Prone Position: Does It Help with Acute Respiratory Distress Syndrome (ARDS) Requiring Extracorporeal Membrane Oxygenation (ECMO)?

作     者:Nava Azimzadeh Michael Baram Nicholas C. Cavarocchi Hitoshi Hirose 

作者机构:Division of Cardiothoracic Surgery and Division of Critical Care and Pulmonary Medicine Thomas Jefferson University Philadelphia PA USA 

出 版 物:《Open Journal of Respiratory Diseases》 (呼吸病期刊(英文))

年 卷 期:2017年第7卷第1期

页      面:18-24页

学科分类:1002[医学-临床医学] 100201[医学-内科学(含:心血管病、血液病、呼吸系病、消化系病、内分泌与代谢病、肾病、风湿病、传染病)] 10[医学] 

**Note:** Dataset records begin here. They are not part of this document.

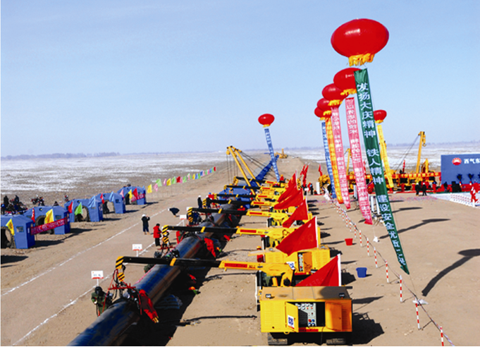 ???西氣東輸一線干線全長3840公里,目前全線輸氣能力達170億立方米/年,向河南、安徽、江蘇、浙江和上海供氣。西氣東輸二線是我國第一條引進境外天然氣資源的特大型管道工程,與中亞天然氣管道A、B線相連接,包括一干和八支干線,全長8704公里,設(shè)計輸氣能力300億立方米/年,途經(jīng)新疆等14個?。▍^(qū)、市)和香港特別行政區(qū),計劃2012年底累計接輸中亞天然氣將超過400億立方米。西氣東輸三線2012年10月開工建設(shè)。圖為西氣東輸二線開工。 |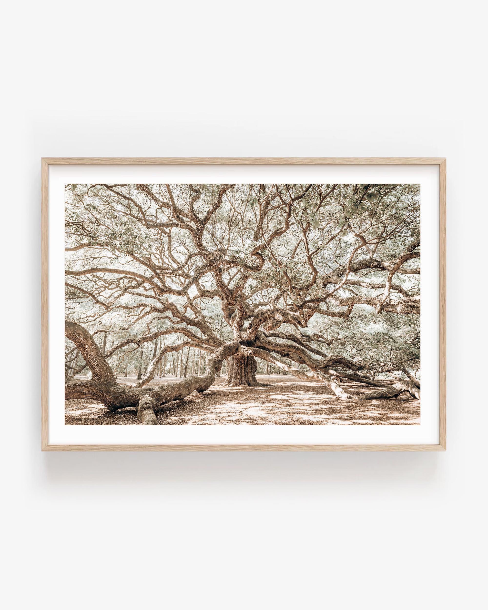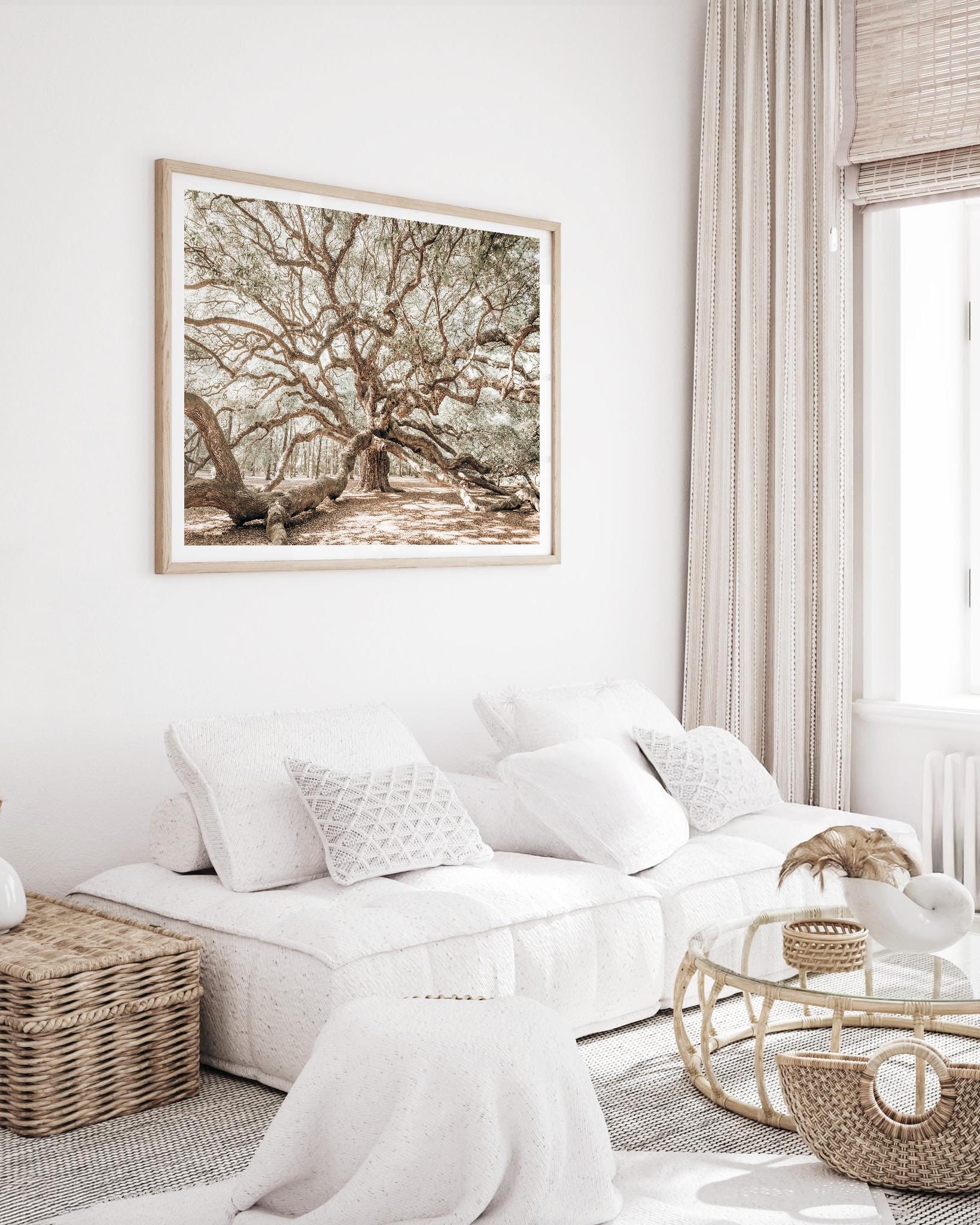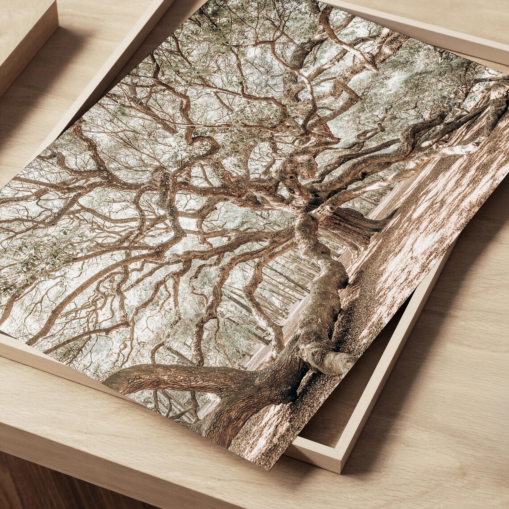 This timeless nature print highlights the elegant, branching form of a grand oak captured in soft, earthy neutrals that bring warmth and grounding to any room. Its gentle light and intricate textures create a calming, contemplative atmosphere, perfect for refined, nature-inspired interiors.
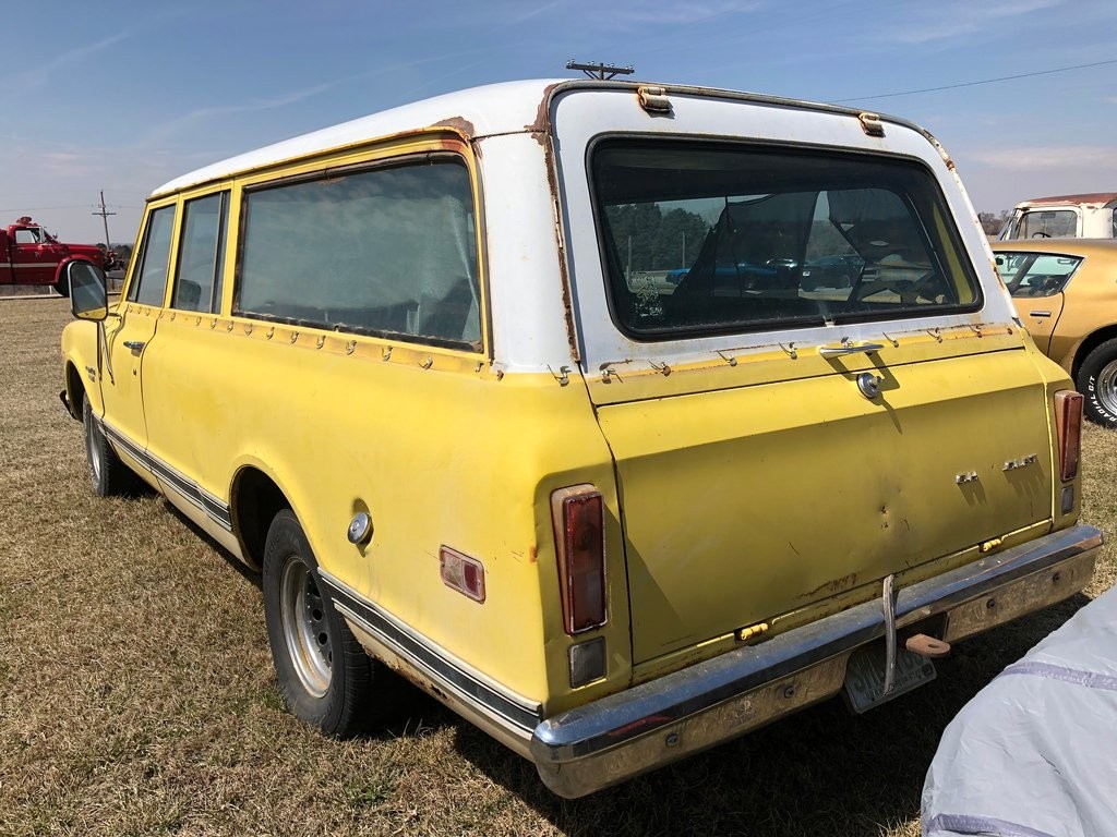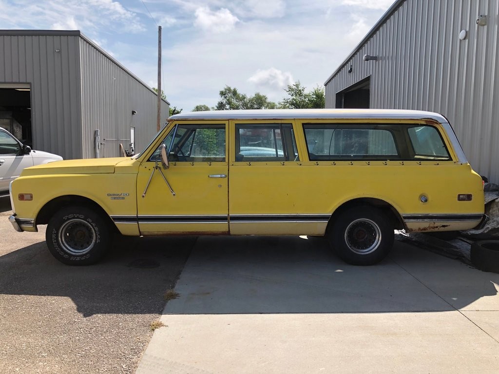 Wow, blast from the past! My Dad bought the 1970 version of this in 1971, with a little less than a thousand miles on it. The sellers had bought it for retirement travel, to pull their trailer, but sadly the husband had a severe stroke before getting to enjoy retirement much. It was two tone yellow and white, 3/4 ton and two wheel drive, and my Dad added a/c. For ten years that truck was the backbone of all our family vacations. We would pull our little ski boat up to different campgrounds in Nor Cal, fishing and enjoying the lakes. It’s the vehicle I learned how to do oil changes on, as well as brake adjustments and lube jobs. Although I think the 350 was the only option at that point, it did the job without hesitation, pulling a fully loaded boat and a family of 5 up into the mountains at various elevations and grades. Sure would be fun to save this baby and bring her back to life! I’d probably go restomod, old school looks with new tech hidden underneath. Maybe a 454?! For some reason we always called it a Carryall, not a Suburban. All the owners manuals and stuff had called it a Carryall, I think? 🤔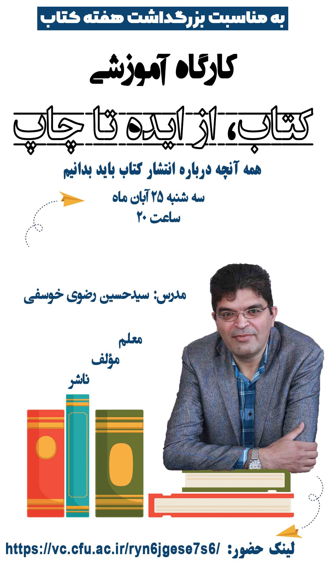 1- کارگاه آموزشی کتاب، از ایده تا چاپ (هرآنچه که درباره انتشار کتاب باید بدانیم)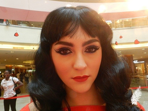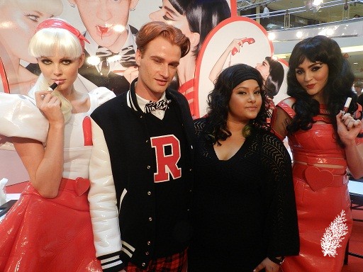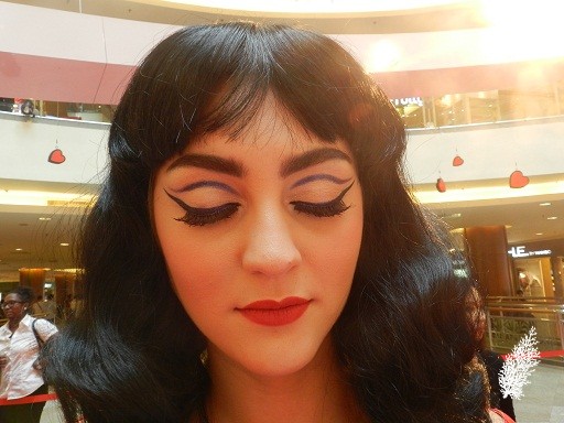 Spoiled Rich and Ron Ron Run shadows from the Veronica eye shadow palette were used. On cheeks are Prom Princess Blush and Veronica’s Blush Pearlmatte Face Powder. On lips are Ronnie Red Lipstick and Strawberry Malt Lipglass (on centre of lips).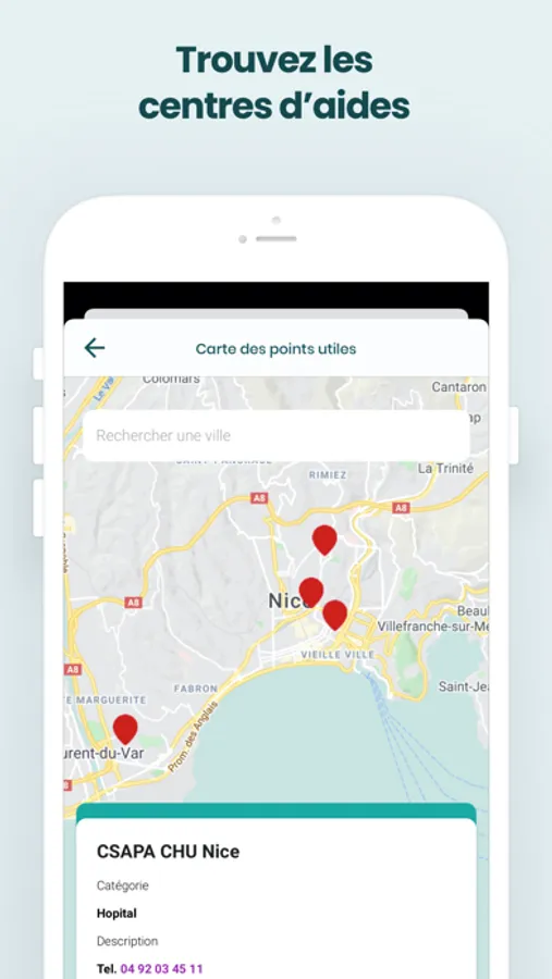 L'application Ethylot' Health vous permet de trouver les numéros utiles et les centres d'addictologie les plus proches de vous.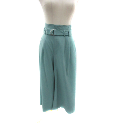 【中古】ミラオーウェン ガウチョパンツ ワイドパンツ 七分丈 無地 ウエストベルト付き 1 緑 グリーン レディース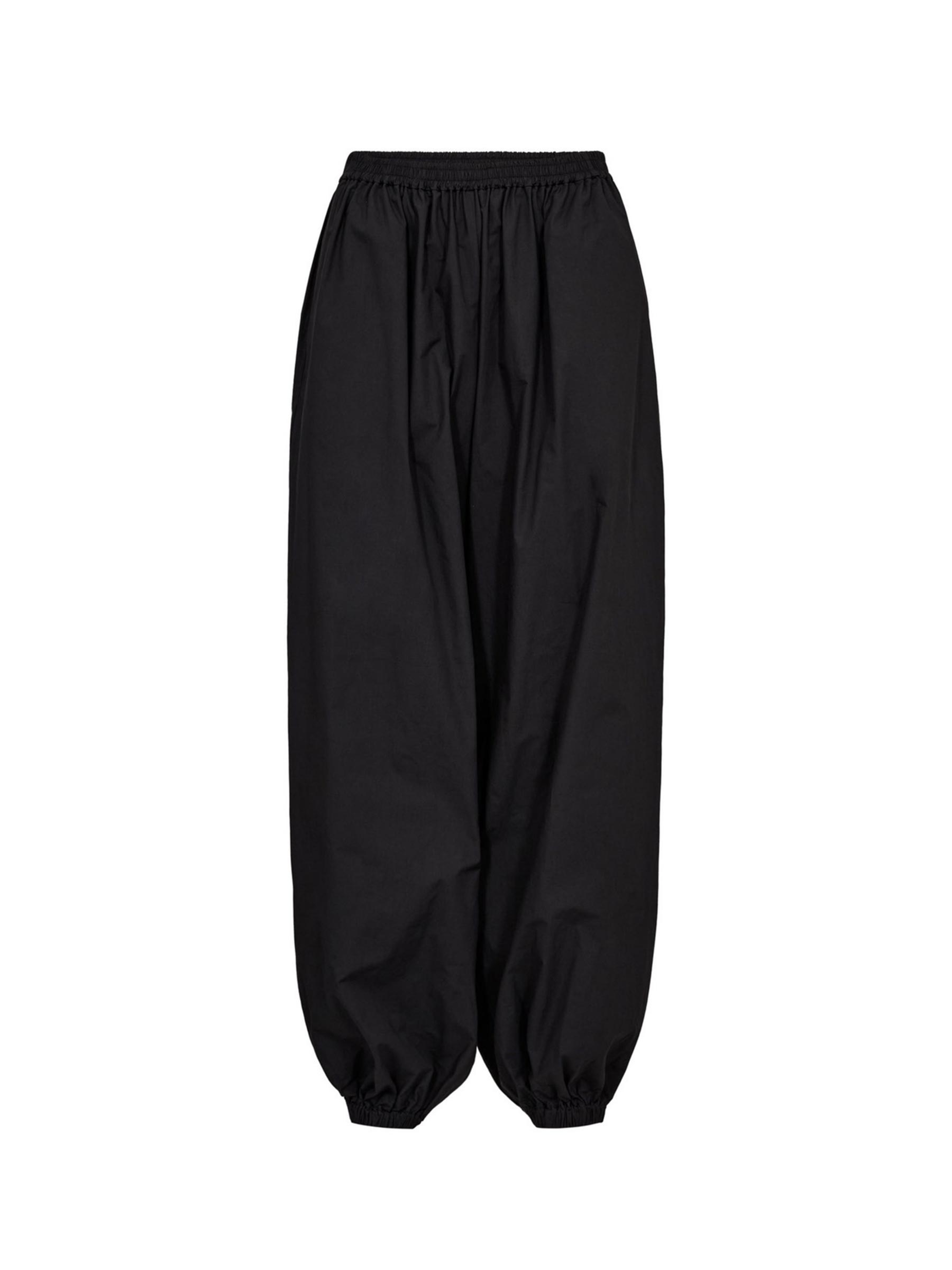 Deze zwarte broek van Co'couture geeft je outfit meteen een trendy look dankzij het ballonmodel. De lichte stof en elastische details zorgen voor een comfortabele fit en maken hem ideaal voor zowel casual als geklede combinaties. Draag met een top, knit of blazer en je bent meteen klaar voor de dag.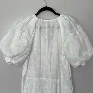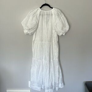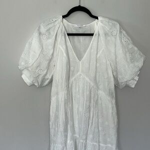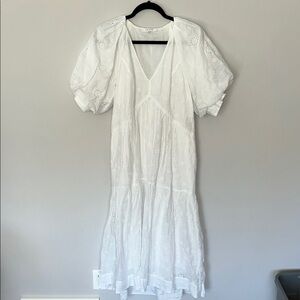 Frame Broderie Anglaise Ramie Puff Sleeve Midi Eyelet Dress in White

主  题:ARDS Prone Position ECMO Hypoxia Obesity 

摘      要:Introduction: Lung protective ventilation therapy with low tidal volume-high PEEP is the standard treatment for the patients with acute respiratory distress syndrome (ARDS). Oscillators are occasionally used for salvage ventilation in cases where poor compliance restricts the use of traditional ventilation with ARDS. In addition to ventilator therapy, prone positioning has been used to improve oxygenation. We presented a challenging case of ARDS, which failed medical management extracorporeal membrane oxygenation (ECMO) support and oscillatory ventilation. Prone positioning was initiated which improved oxygenation, respiratory compliance and posterior atelectasis. Case presentation: A 41-year-old morbid obese female developed ARDS due to influenza pneumonia. The patient remained hypoxic despite optimum medical and ventilator management and required veno-venous extracorporeal membrane oxygenation (VV ECMO). CT scan of the chest showed ARDS with posterior consolidation. Despite ARDSnet ventilation support, antiviral therapy and ECMO support, there was no clinical improvement. High frequency oscillatory ventilation was initiated on ECMO day #13, which resulted in no respiratory improvement over the next 5 days. On ECMO day #18, the patient was placed on a Rotaprone? bed Therapy, utilizing a proning strategy of 16 hours a day. The clinical improvements observed were resolving of the consolidation on CXR, improvements in ventilatory parameters and decreased oxygen requirements. The patient was successfully weaned off ECMO on POD#25 (8 days post prone bed). Conclusions: Prone position improved oxygen saturation and pulmonary compliance in severe ARDS requiring ECMO and it might facilitate early weaning.